**TASK ITEM**
Here the job is to print only the lines from the one containing "Деревянная одевалка PuzzleOK" to the end of the entries, both included, exactly as they stand, with pictures excluded.
-- DATASET RECORDS follows --
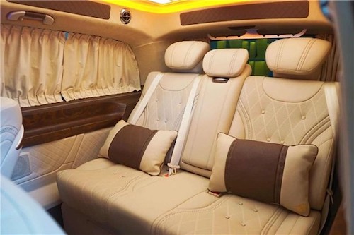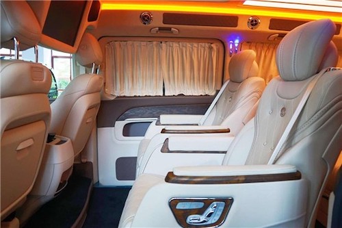 2020款V250改装售价 奔驰V250参数及配置,进口V250商务车改装座椅人体工程学设计,带有一键式展开及记忆功能,并配备加热、通风、气动按摩、一键式伸缩腿托功能,带来头等舱级舒适体验巧夺空间,私家客厅级后舱体验。
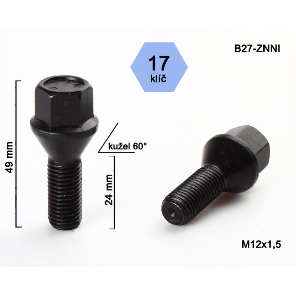 Kolový šroub M12x1,5x24, černé, kužel, klíč 17
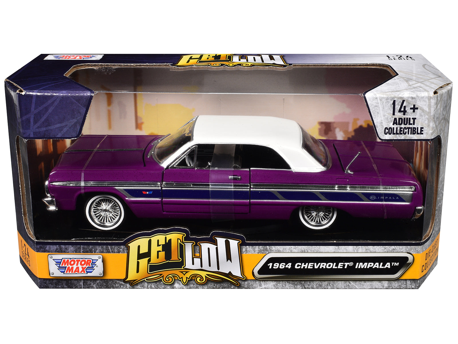 1964 Chevrolet Impala Lowrider Hard Top Purple Metallic with White Top "Get Low" Series 1/24 Diecast Model Car by Motormax Category: Chevrolet Models. High-quality diecast collectible.
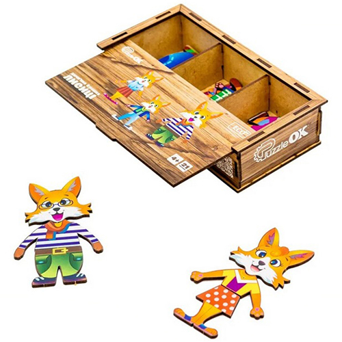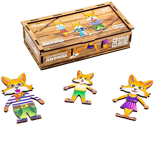 Деревянная одевалка PuzzleOK Puz-42121 Лисички, 3 фигурки (Puz-42121-RT)
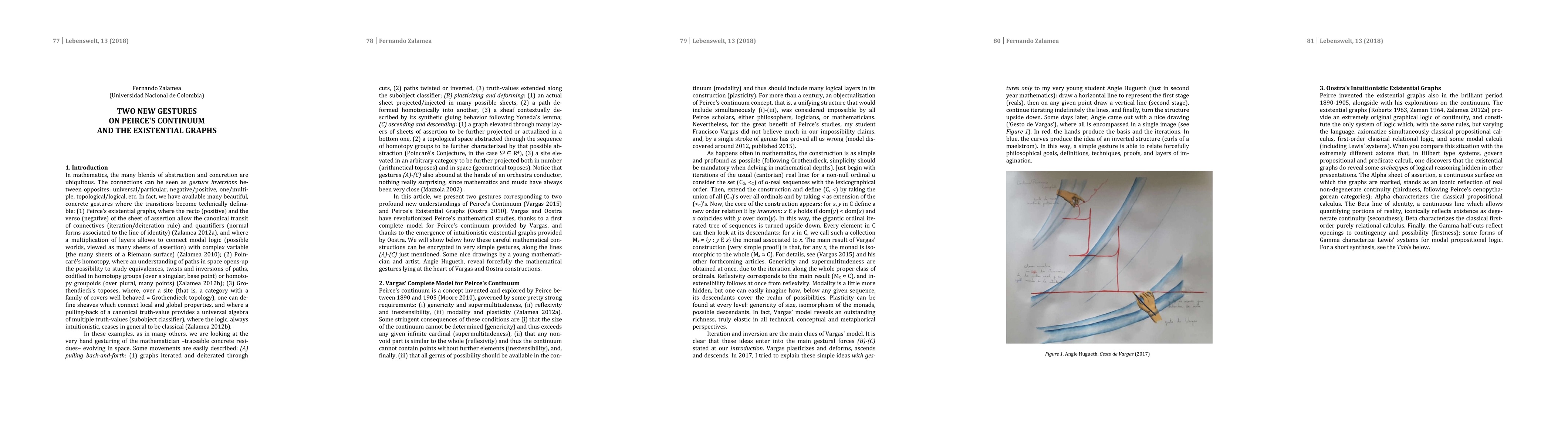 We present (1) a new model for Peirce's full continuum (Vargas 2012-2015), based on an iterated sheaf of real numbers over all ordinal numbers, (2) a new model for Peirce's existential graphs (Oostra 2010), based on a new geometrical symbol for intuitionistic implication, and (3) two new mathematical gestures that synthetically capture Vargas' and Oostra's constructions (Hugueth 2017).
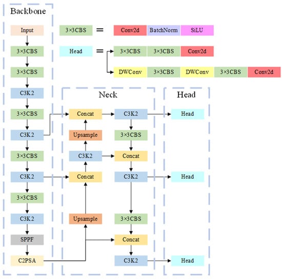 The YOLOv11 is consisted of section Backbone, section Neck and section Head. In the section Backbone, YOLOv11 uses the C3K2 module instead of the C2f module in YOLOv10. As shown in Figure 3, the C3K2 module is composed of multiple C3K modules. Through the superposition of multiple modules, information at different depths is extracted. The C3K module, in turn, contains multiple BottleNeck modules. Residuals can be optionally added to the BottleNeck modules. The residual adds the input and output of the BottleNeck, allowing the combination of shallow and deep information while increasing only a small amount of computational effort. This enhances the network’s feature extraction capabilities.
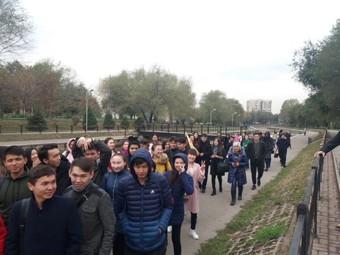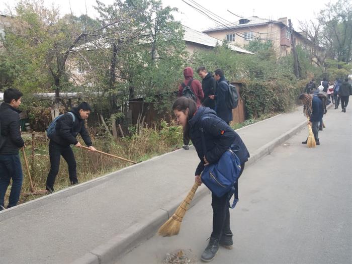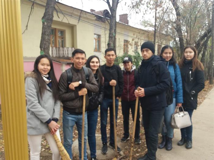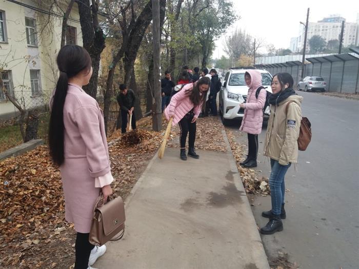Так и сегодня, в субботний день 20 октября 2018 года студенты первого курса Казахского национального университета, несмотря на рубежный контроль, собрались и помогли городу убрать мусор и листья, лежавший на земле.
-- DATASET RECORDS concluded --
**SOLUTION FOR THIS TASK**
 Деревянная одевалка PuzzleOK Puz-42121 Лисички, 3 фигурки (Puz-42121-RT)
 We present (1) a new model for Peirce's full continuum (Vargas 2012-2015), based on an iterated sheaf of real numbers over all ordinal numbers, (2) a new model for Peirce's existential graphs (Oostra 2010), based on a new geometrical symbol for intuitionistic implication, and (3) two new mathematical gestures that synthetically capture Vargas' and Oostra's constructions (Hugueth 2017).
 The YOLOv11 is consisted of section Backbone, section Neck and section Head. In the section Backbone, YOLOv11 uses the C3K2 module instead of the C2f module in YOLOv10. As shown in Figure 3, the C3K2 module is composed of multiple C3K modules. Through the superposition of multiple modules, information at different depths is extracted. The C3K module, in turn, contains multiple BottleNeck modules. Residuals can be optionally added to the BottleNeck modules. The residual adds the input and output of the BottleNeck, allowing the combination of shallow and deep information while increasing only a small amount of computational effort. This enhances the network’s feature extraction capabilities.
Так и сегодня, в субботний день 20 октября 2018 года студенты первого курса Казахского национального университета, несмотря на рубежный контроль, собрались и помогли городу убрать мусор и листья, лежавший на земле.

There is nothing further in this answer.